Word for word, restate the lines from the one holding "Being inspired by" through the last line of the material below, and leave every picture out.

**** Dataset excerpts

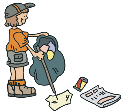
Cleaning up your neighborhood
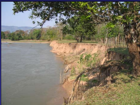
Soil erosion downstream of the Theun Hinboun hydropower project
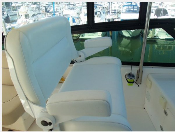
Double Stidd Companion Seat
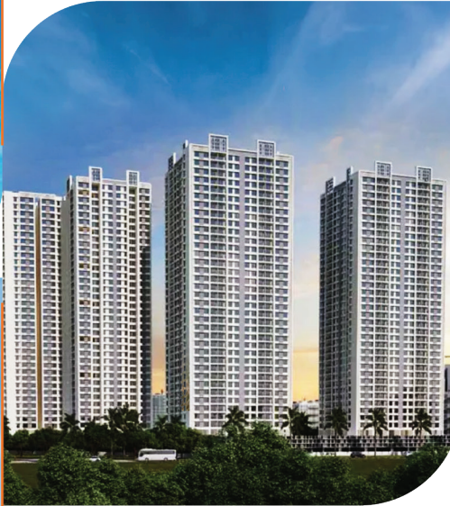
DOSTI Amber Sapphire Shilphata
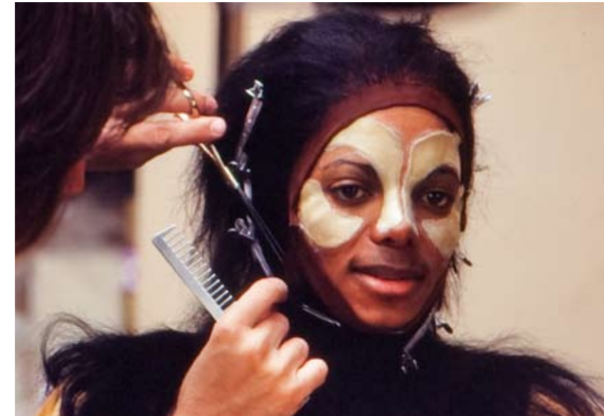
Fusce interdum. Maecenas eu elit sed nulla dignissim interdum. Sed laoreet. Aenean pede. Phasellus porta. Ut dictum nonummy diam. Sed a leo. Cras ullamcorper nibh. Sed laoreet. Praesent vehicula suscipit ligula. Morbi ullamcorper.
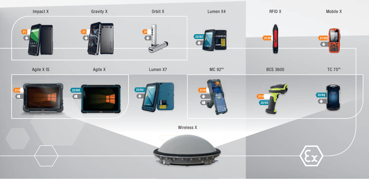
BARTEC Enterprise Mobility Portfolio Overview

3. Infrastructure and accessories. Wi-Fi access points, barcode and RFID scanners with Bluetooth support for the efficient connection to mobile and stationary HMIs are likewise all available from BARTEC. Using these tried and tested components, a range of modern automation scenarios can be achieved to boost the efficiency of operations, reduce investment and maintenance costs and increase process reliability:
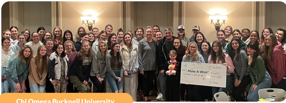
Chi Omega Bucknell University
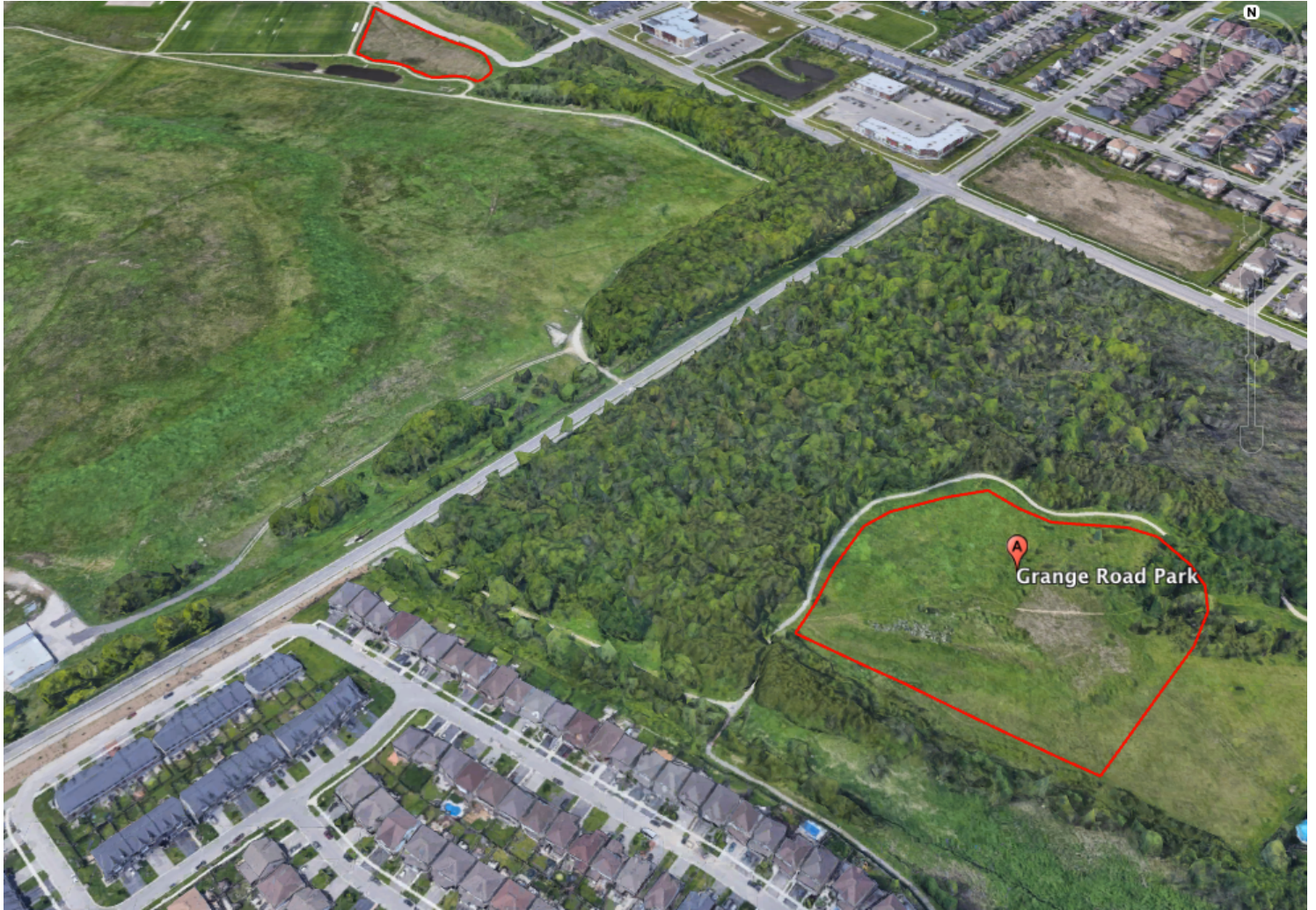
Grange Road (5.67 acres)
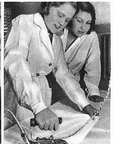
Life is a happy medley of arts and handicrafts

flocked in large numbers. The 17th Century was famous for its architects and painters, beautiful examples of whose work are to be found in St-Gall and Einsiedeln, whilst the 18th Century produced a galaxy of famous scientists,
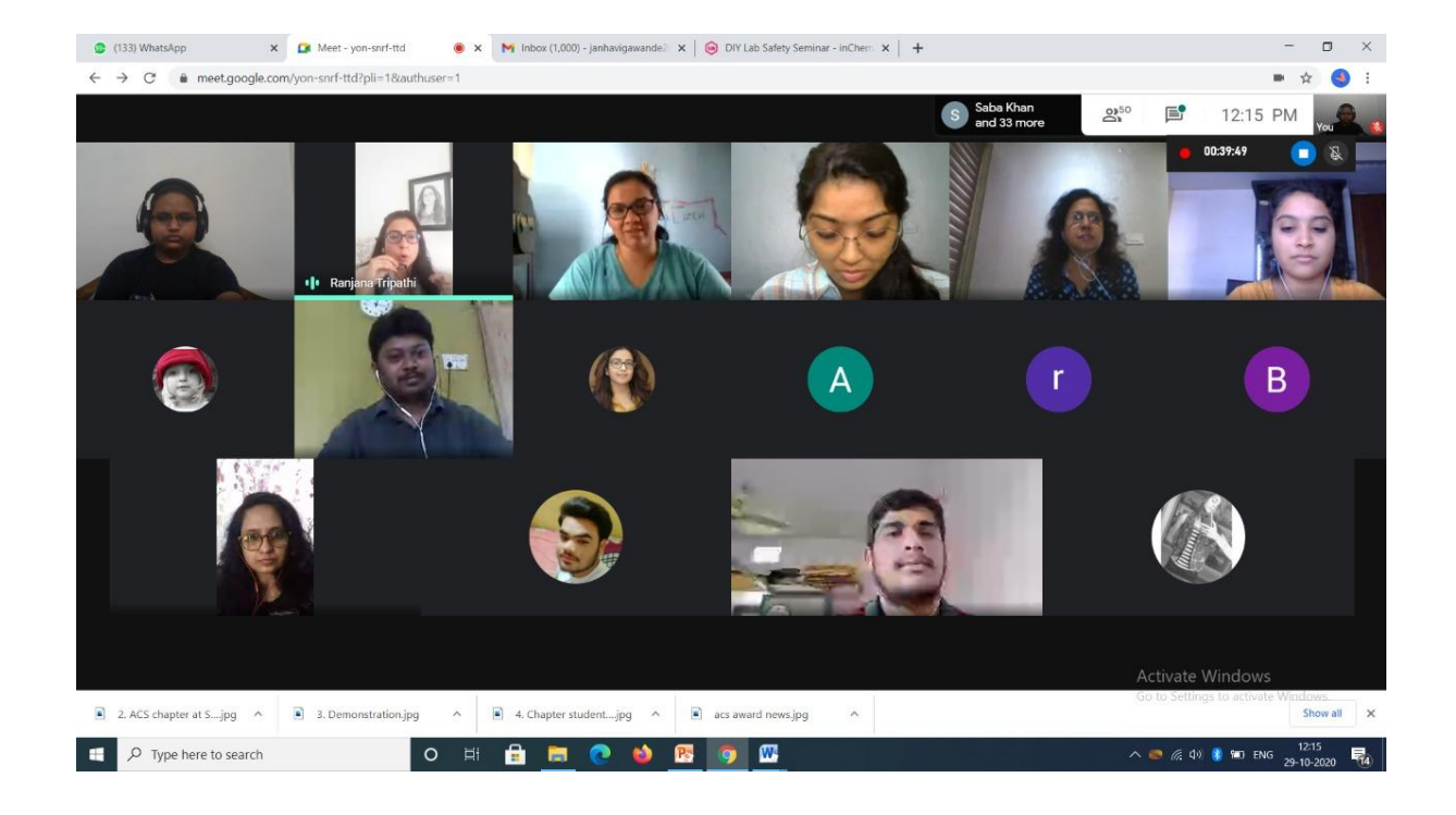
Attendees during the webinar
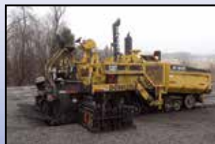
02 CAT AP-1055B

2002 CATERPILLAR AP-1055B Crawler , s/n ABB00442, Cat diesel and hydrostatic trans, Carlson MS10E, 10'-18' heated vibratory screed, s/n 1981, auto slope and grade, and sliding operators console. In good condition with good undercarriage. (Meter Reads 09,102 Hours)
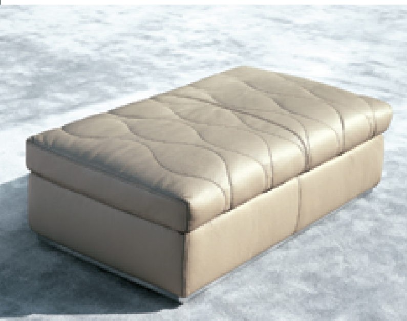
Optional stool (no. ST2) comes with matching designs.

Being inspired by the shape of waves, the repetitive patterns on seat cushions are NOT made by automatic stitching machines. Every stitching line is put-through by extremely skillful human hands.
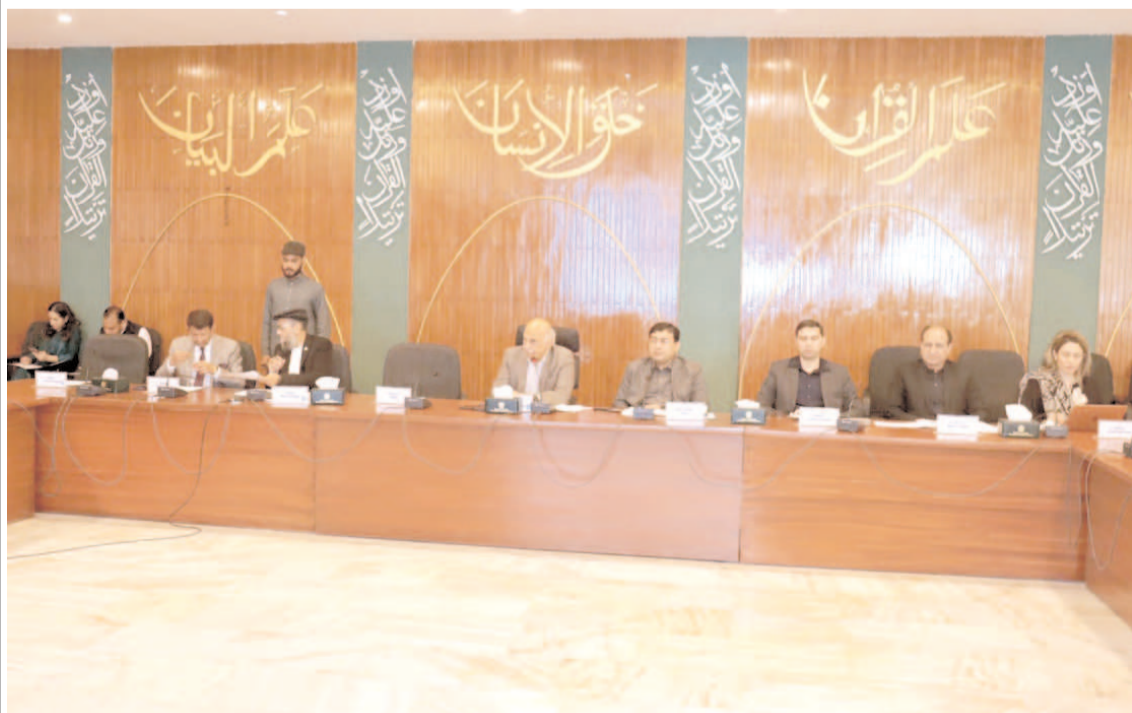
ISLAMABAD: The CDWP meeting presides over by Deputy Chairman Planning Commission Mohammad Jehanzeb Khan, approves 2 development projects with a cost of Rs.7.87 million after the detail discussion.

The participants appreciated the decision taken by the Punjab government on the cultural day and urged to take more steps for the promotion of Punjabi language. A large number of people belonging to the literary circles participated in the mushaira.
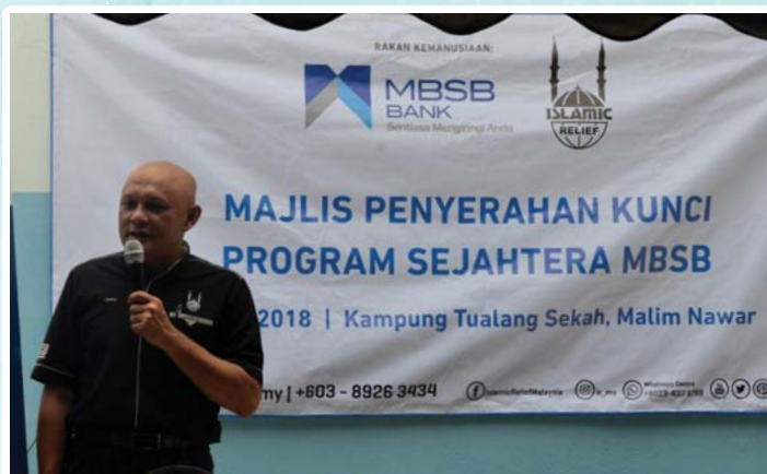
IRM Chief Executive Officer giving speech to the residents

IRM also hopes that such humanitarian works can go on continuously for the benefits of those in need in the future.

********

▶ **Exercise answer**
Being inspired by the shape of waves, the repetitive patterns on seat cushions are NOT made by automatic stitching machines. Every stitching line is put-through by extremely skillful human hands.
ISLAMABAD: The CDWP meeting presides over by Deputy Chairman Planning Commission Mohammad Jehanzeb Khan, approves 2 development projects with a cost of Rs.7.87 million after the detail discussion.

The participants appreciated the decision taken by the Punjab government on the cultural day and urged to take more steps for the promotion of Punjabi language. A large number of people belonging to the literary circles participated in the mushaira.
IRM Chief Executive Officer giving speech to the residents

IRM also hopes that such humanitarian works can go on continuously for the benefits of those in need in the future.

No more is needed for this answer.